There are many workflow management systems designed for production data pipelines. The problem of sharing data is solved by providing a centralized execution environment, but users sacrifice the ability to rapidly develop code that runs on their local machine while accessing production data. To solve these problems, AIP:
- Is a library that can be run locally or within a cloud environment
- Caches datasets for sharing between multiple users, even if they are running in separate environments
- Enforces compatibility of inputs/outputs at compile time
- Supports streaming calculations on out-of-RAM datasets
- Supports execution of arbitrary executables
- Support easy swapping of storage implementations
#Core Concepts
##Producer
A Producer[T] represents a calculation that produces an output of type T. It can have arbitrary inputs, and any Producer of the same output type T is interchangeable. More details are given here
##Artifact
A data structure saved in persistent storage is represented by the Artifact trait. An artifact may represent a flat file, a directory, a zip archive, an S3 blob, an HDFS dataset, etc. Serialization/Deserialization of an object of type T into an artifact of type A is represented by the ArtifactIo[T,A] trait. AIP provides implementations to serialize arbitrary objects as column-delimited text or JSON (via spray.json)
##Persistence
A Producer[T] will create an in-memory object of type T. This object can be passed to downstream consumers
without storing it to disk. If desired, it can be written to disk before being passed downstream by
using one of the Pipeline.Persist.*
methods. These methods return a new Producer (actually an
instance of PersistedProducer) with the same output type T. A PersistedProducer's get
method
first checks to see whether data exists on disk. If the data exists, it will read the data from disk, and only
if the data does not exist will it compute the data. This allows caching of intermediate steps to speed up calculations.
AIP's persistence mechanism also allows users to reuse data from other users' pipeline. Normally this is not possible because file names are specified by users and they may collide. To avoid this, a Pipeline will choose a unique name for any Producer that it persists. The name include a hash, which is based on the parameters of the Producer and the parameters of all its transitive upstream ancestors. By using this hashing mechanism, different users running compatible code on different machines can share data without fear of collision. The information that goes into determining the path name of a Producer's output is encapsulated in a Signature object.
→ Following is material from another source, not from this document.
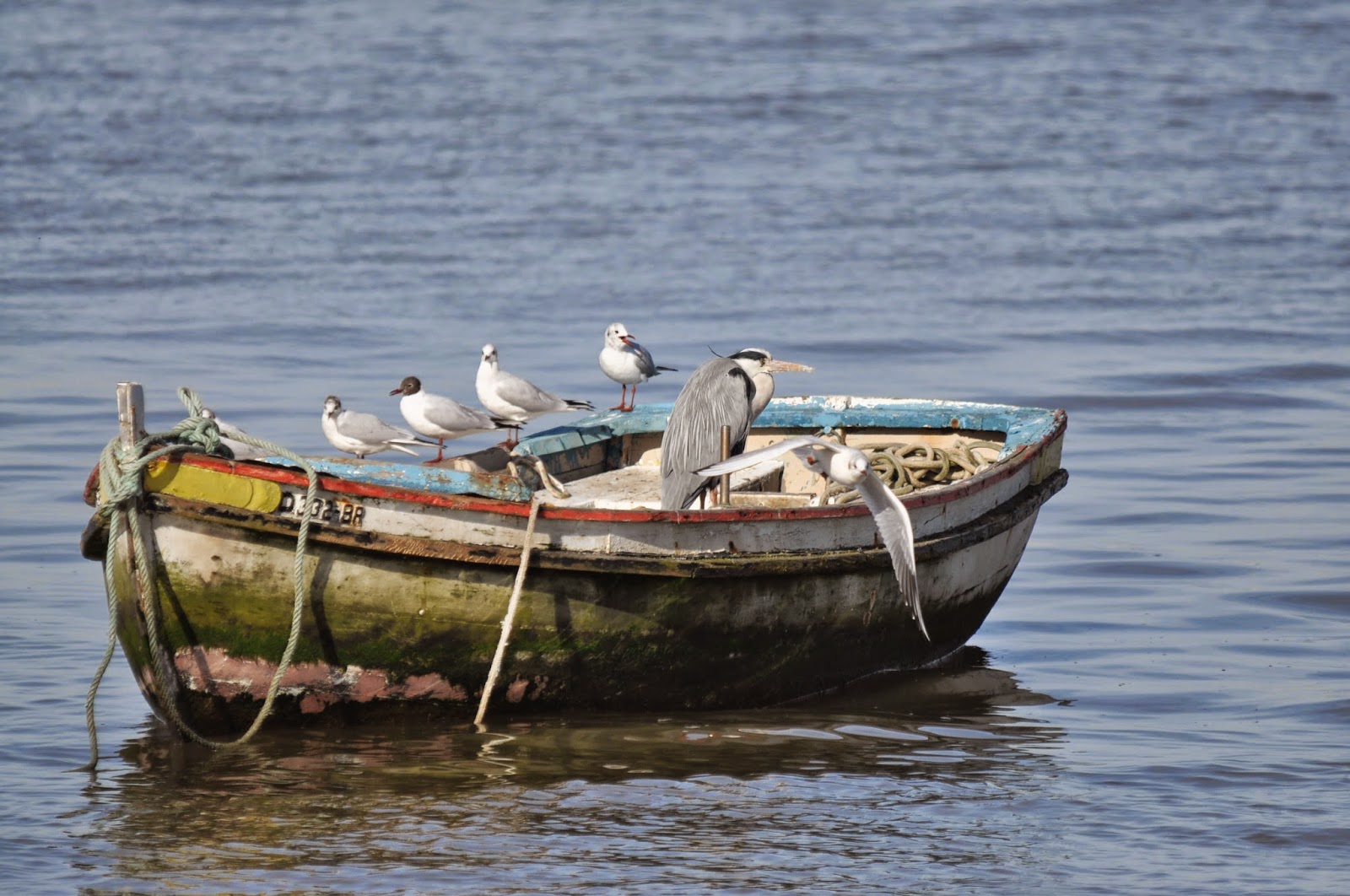 Finalmente, demorou muito tempo, mas a gaivota voou. Não se vê na fotografia, mas poisou noutro barco logo ao lado!!!!!!!

AIP's persistence mechanism makes it 100% impossible to overwrite data. Any data that exists on disk will be used in place of recalculating it. Only code that has not been executed before will result in new data being written, and the path name chosen will always be unique. This is true regardless of where the code was executed!
##Pipeline
A Pipeline has a run
method that will calculate the result of any Producers that were persisted using
one of its persist
methods.
When run, a Pipeline produces a static HTML visualization of the workflow, which includes hyperlinks
to the locations of any input/output/intermediate data Artifacts. It also produces equivalent data in
JSON format that can be parsed programmatically.
Before running a pipeline, you can call the Pipeline.dryRun
method. This will not perform any calculations,
but will output the summary HTML, allowing you to visualize your workflow before executing it. The HTML
will contain hyperlinks to the Signature-based path names where any output Artifacts will be written. Any outputs
that do not yet exist will be highlighted in red. It is possible that all outputs exist already, created by previous
runs by you or another user. In that case, Pipeline.run
will return immediately without performing
any calculations.
Runnable sample code can be found in the examples project.